Ingredients
- 3 strips bacon
- 1 small green bell pepper
- 1 small red bell pepper
- ½ sweet onion
- 1 jalapeño
- 2 tablespoons butter, softened
- 1 tablespoon Worcestershire sauce
- Juice of 1/2 lemon
- 1 dozen small cherrystone or large littleneck (i.e. topneck) clams
- Nutritional Information
Nutritional analysis per serving (2 servings)
387 calories; 29 grams fat; 13 grams saturated fat; 0 grams trans fat; 10 grams monounsaturated fat; 3 grams polyunsaturated fat; 16 grams carbohydrates; 2 grams dietary fiber; 8 grams sugars; 15 grams protein; 75 milligrams cholesterol; 707 milligrams sodium
Note: Nutrient information is not available for all ingredients. Amount is based on available data.
2 servings
Preparation
- Cut each bacon strip into 4 pieces and lightly fry in a pan over medium heat. (You don’t want the bacon to become crispy since it is going to go into the broiler later.) Remove and set aside half-cooked bacon.

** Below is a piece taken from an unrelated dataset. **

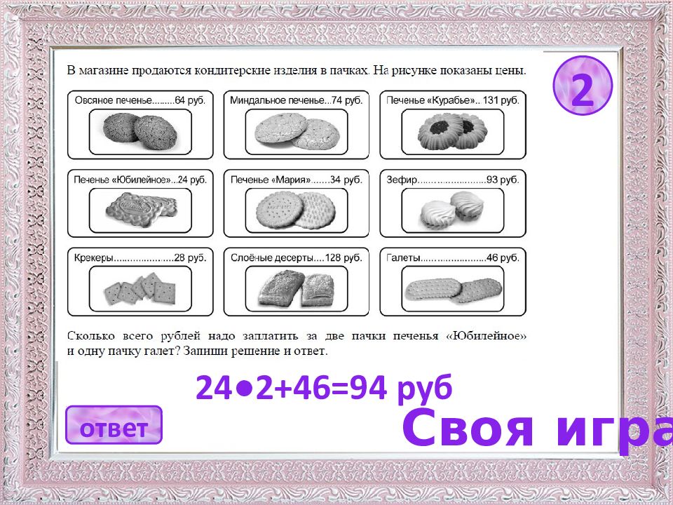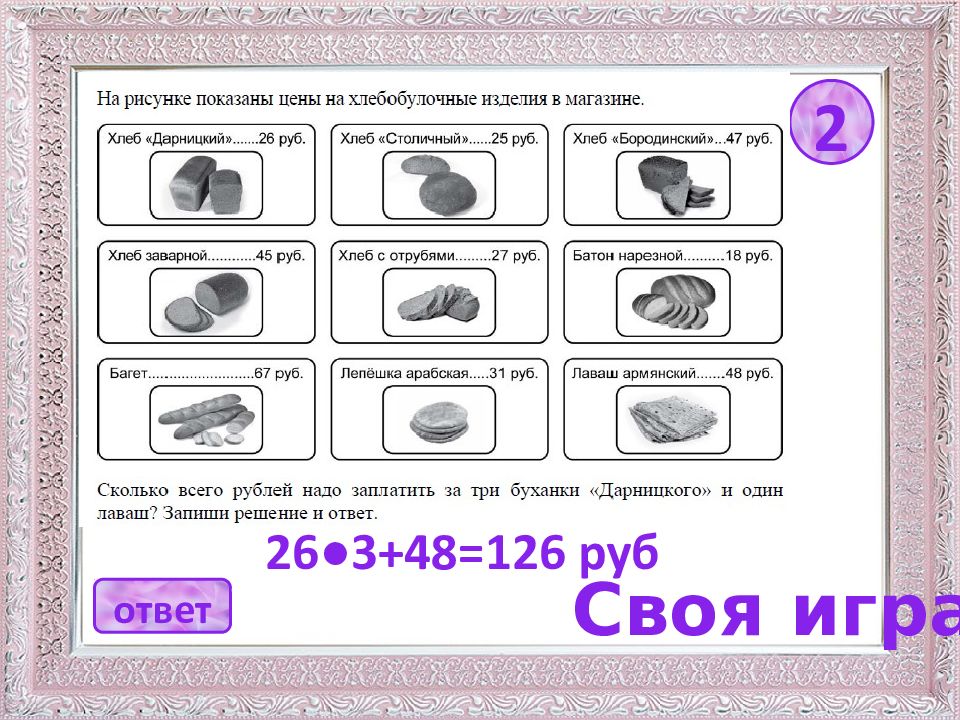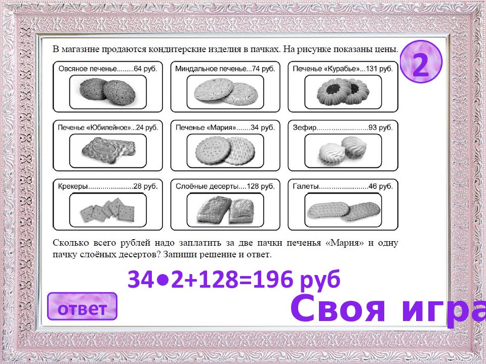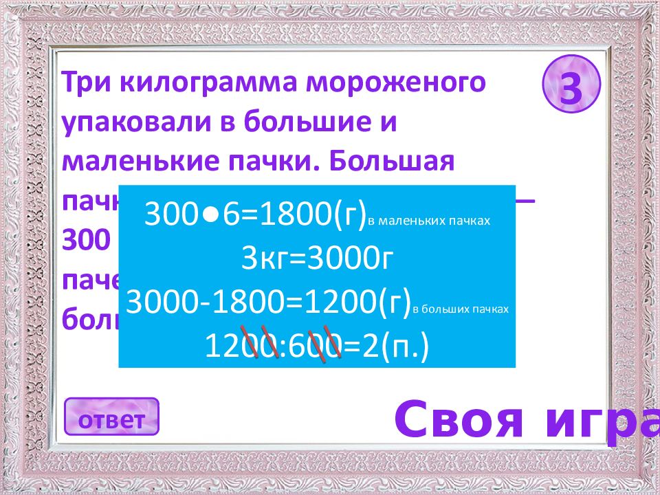 3 Своя игра ответ Три килограмма мороженого упаковали в большие и маленькие пачки. Большая пачка весит 600 г, а маленькая — 300 г. Получилось 6 маленьких пачек. Сколько понадобилось больших пачек? 300●6=1800(г) в маленьких пачках 3кг=3000г 3000-1800=1200(г) в больших пачках 1200:600=2(п.)

- Chop the peppers and the onion into a medium dice. Chop the jalapeño finely, discarding seeds. It’s a good idea to wash your hands afterward.
- Add the peppers, the onion and the jalapeño to the softened butter.
- Add the Worcestershire sauce and lemon juice to taste.
- Add a generous pinch of the vegetable mixture to each of the opened clams on its half shell. Place a piece of the cooked bacon on top of the mixture on each clam.
- Place the clams under the broiler and let cook until the vegetables begin to wilt and the bacon is almost crisp, around 3 minutes. Serve immediately.